WORK TO BE COMPLETED: Omitting all images, set down every line below exactly as it appears.

DATASET EXCERPT:
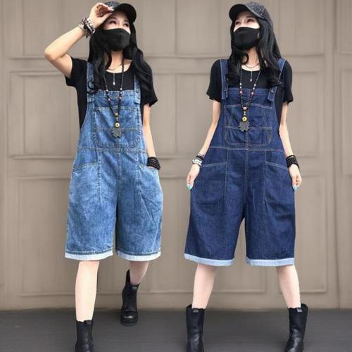 [신상오픈런]여성 캐주얼 면혼합 롤업 멜빵 청 반바지 점프수트 (39070253)
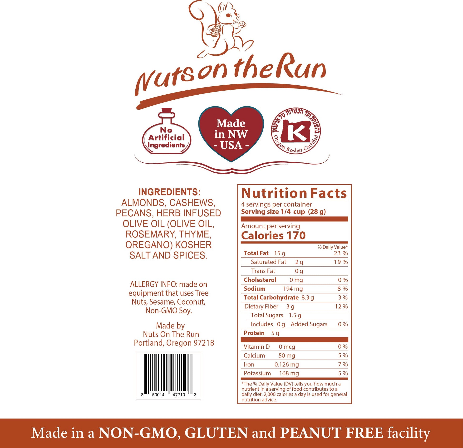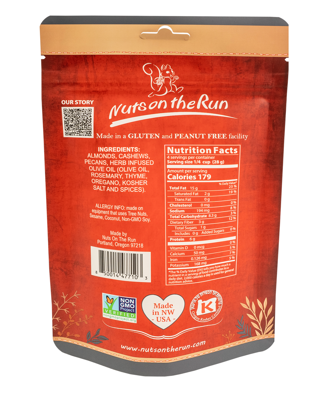 Italian Herb Nuts are gently roasted with a flavorful blend of Italian herbs, almonds, cashews, and pecans. They're toasted with a touch of extra virgin olive oil resulting in a tasty snack that you can enjoy and share with loved ones. Size: 4oz. This combination of Italian herbs, cashews, almonds, and pecans are oven roasted on low heat in small batches with a touch of extra virgin olive oil to ensure freshness! Crafted with the highest standards, 100% all natural, Kosher certified, non-GMO, gluten free, vegan, and peanut free. Whether you're enjoying time off or working through a busy day, our Italian Herb nuts are sure to provide you with a tasty boost of energy!
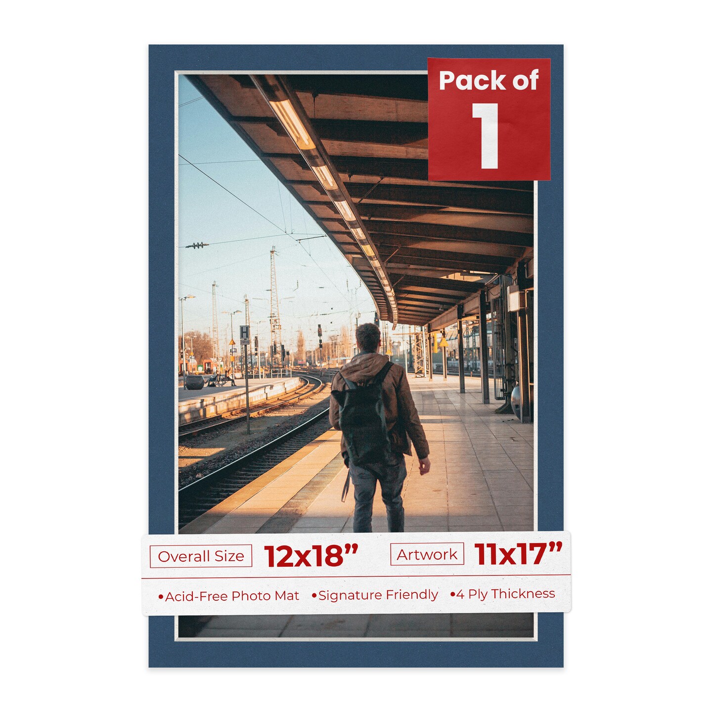 Ink Blue Mat Board for 12x18 Frames - Fits 11x17 Photos

WRITTEN RESPONSE:
 [신상오픈런]여성 캐주얼 면혼합 롤업 멜빵 청 반바지 점프수트 (39070253)
 Italian Herb Nuts are gently roasted with a flavorful blend of Italian herbs, almonds, cashews, and pecans. They're toasted with a touch of extra virgin olive oil resulting in a tasty snack that you can enjoy and share with loved ones. Size: 4oz. This combination of Italian herbs, cashews, almonds, and pecans are oven roasted on low heat in small batches with a touch of extra virgin olive oil to ensure freshness! Crafted with the highest standards, 100% all natural, Kosher certified, non-GMO, gluten free, vegan, and peanut free. Whether you're enjoying time off or working through a busy day, our Italian Herb nuts are sure to provide you with a tasty boost of energy!
 Ink Blue Mat Board for 12x18 Frames - Fits 11x17 Photos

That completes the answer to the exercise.